We assured him we meant waffles, and our obviously confused waiter shrugged and sent the order off to the kitchen.
Our breakfasts arrived, and the waiter presented the children with their waffles. At first, all appeared normal. Until we realized there was no syrup.
“Please, may we have syrup?”
The waiter’s eyebrows shot up into his hairline. He could not have looked more surprised. “Syrup? You mean… sauce?”
Now it was our turn to look surprised. “Sauce?”
Our waiter was clearly flustered now. “Brown sauce? Perhaps… ketchup?”
We all exchanged an alarmed glance. “Syrup?” we repeated, hopefully. “Like, from maple trees?”

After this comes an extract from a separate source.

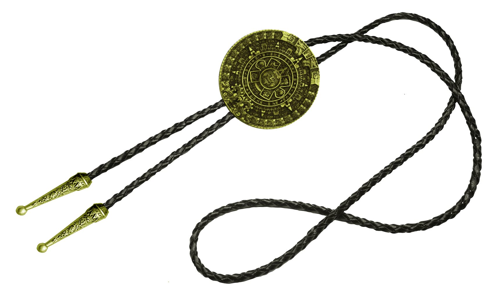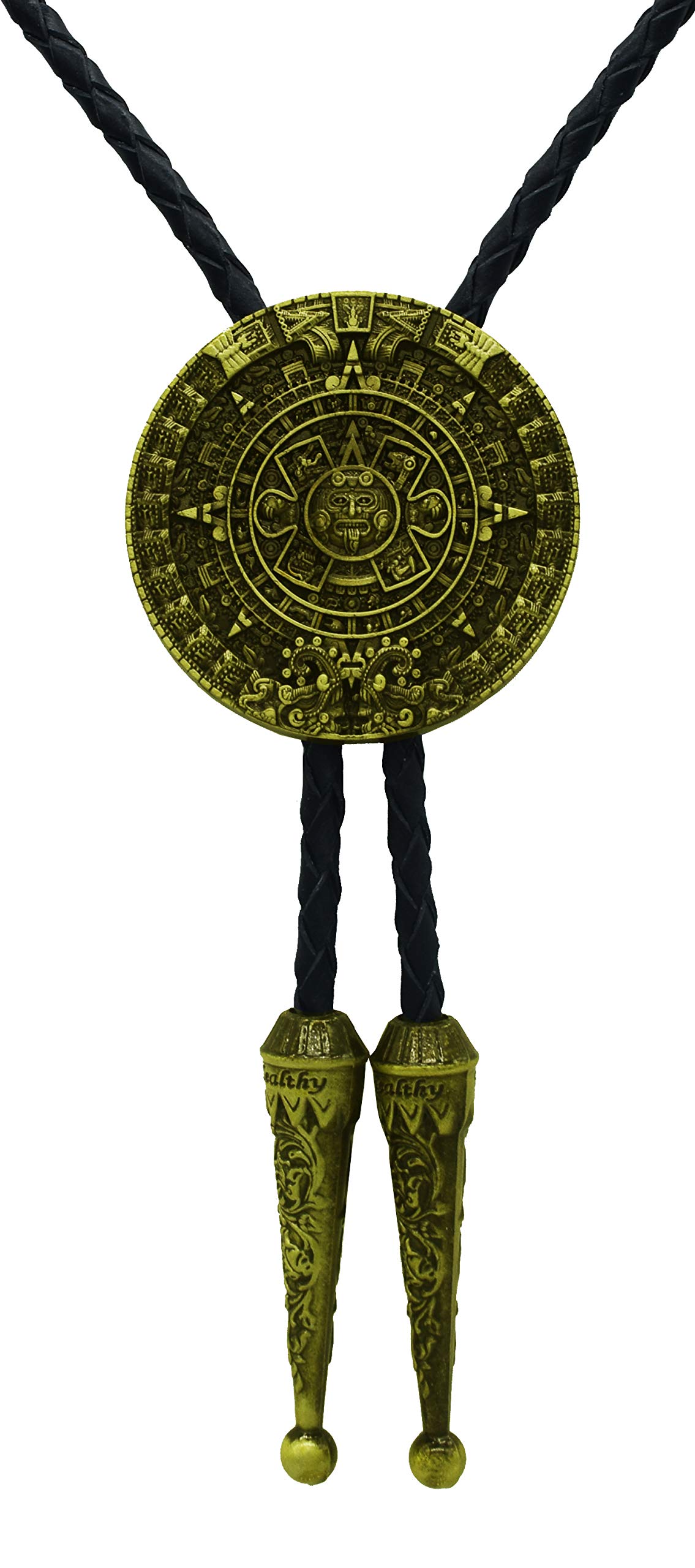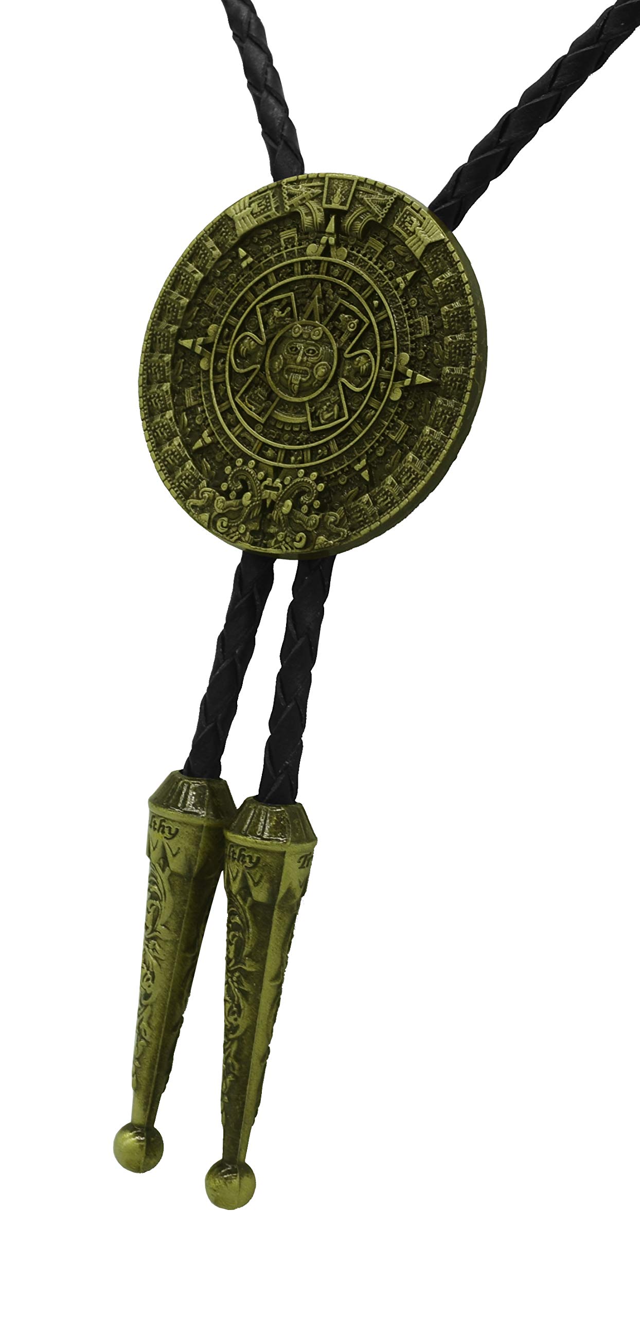 Moranse Corbata Bolo Con Calendario Azteca De Peltre Diseño De Círculo Vaquero Dos Colores (Dorado)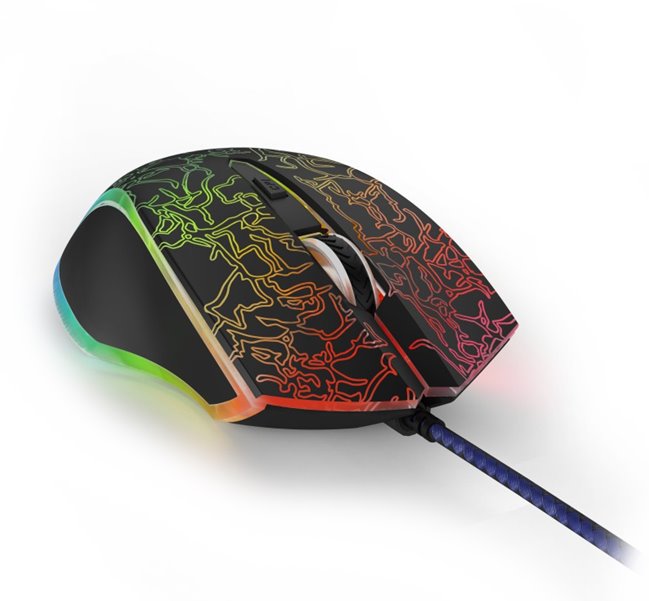 Drátová herní myš disponující RGB podsvícením, optickým senzorem Avago 3212 s nastavitelným rozlišením až 4 800 dpi a kvalitními spínači Omron. Vyniká také nízkou dobou odezvy, 500 Hz obnovovací frekvencí a 6 programovatelnými tlačítky. Napájení je realizováno skrze opletený USB kabel.

The waiter’s eyes bulged slightly as he no doubt swallowed back something foul, but he disappeared into the kitchen and emerged with two of the tiniest bottles of maple syrup known to man. They would have looked right at home in a min-bar, but we took what we could get. He presented them with a flourish and a look that clearly said, “Well, you ASKED for it.”
The moment the kids took their first bite of English “waffle,” our waiter’s expression made perfect sense.
These were not Eggo waffles.
These were not Belgian waffles.
These, my friends, were potato waffles. Not exactly Chick-fil-A waffle fries, but more or less waffle-shaped tater tots. Swimming, as they were, in a puddle of syrup and butter, I am sure you can imagine how awful they were. I probably don’t need to tell you that the kids did not finish their breakfast that day.
At this point, having determined England to be an officially waffle-free zone, our family felt its first genuine pang of homesickness. In the ensuing years during each and every trip State-side, we would make a beeline for the local grocery store to stock up on Eggos and maple syrup. We made it our goal to eat at least half our body weight in Eggos each and every holiday.
Hey, some families hike, some scuba dive… ours ate waffles.
Now that HH and I are empty nesters, I would like to say this tradition has gone the way of all childish things, like Spaghetti-Os and Kool-Aid. It has not. Here in sunny Texas, HH and I have been happily breakfasting on our old childhood favourite: Eggo waffles, syrup, butter. Everyone is happy about this.
Everyone but my blood sugar, that is. I have had two major crashes this week, both involving shaking, sweating and the irrational urge to dive into the nearest chocolate bar and eat my way out. I have come to the conclusion that perhaps now, approaching my mid-century mark, it is time to forego my childish dietary longings in favour of oatmeal or scrambled eggs. Even on vacation. In other words, it is ACTUALLY time to let go of my Eggo.
Dang. Sometimes being a grownup sucks.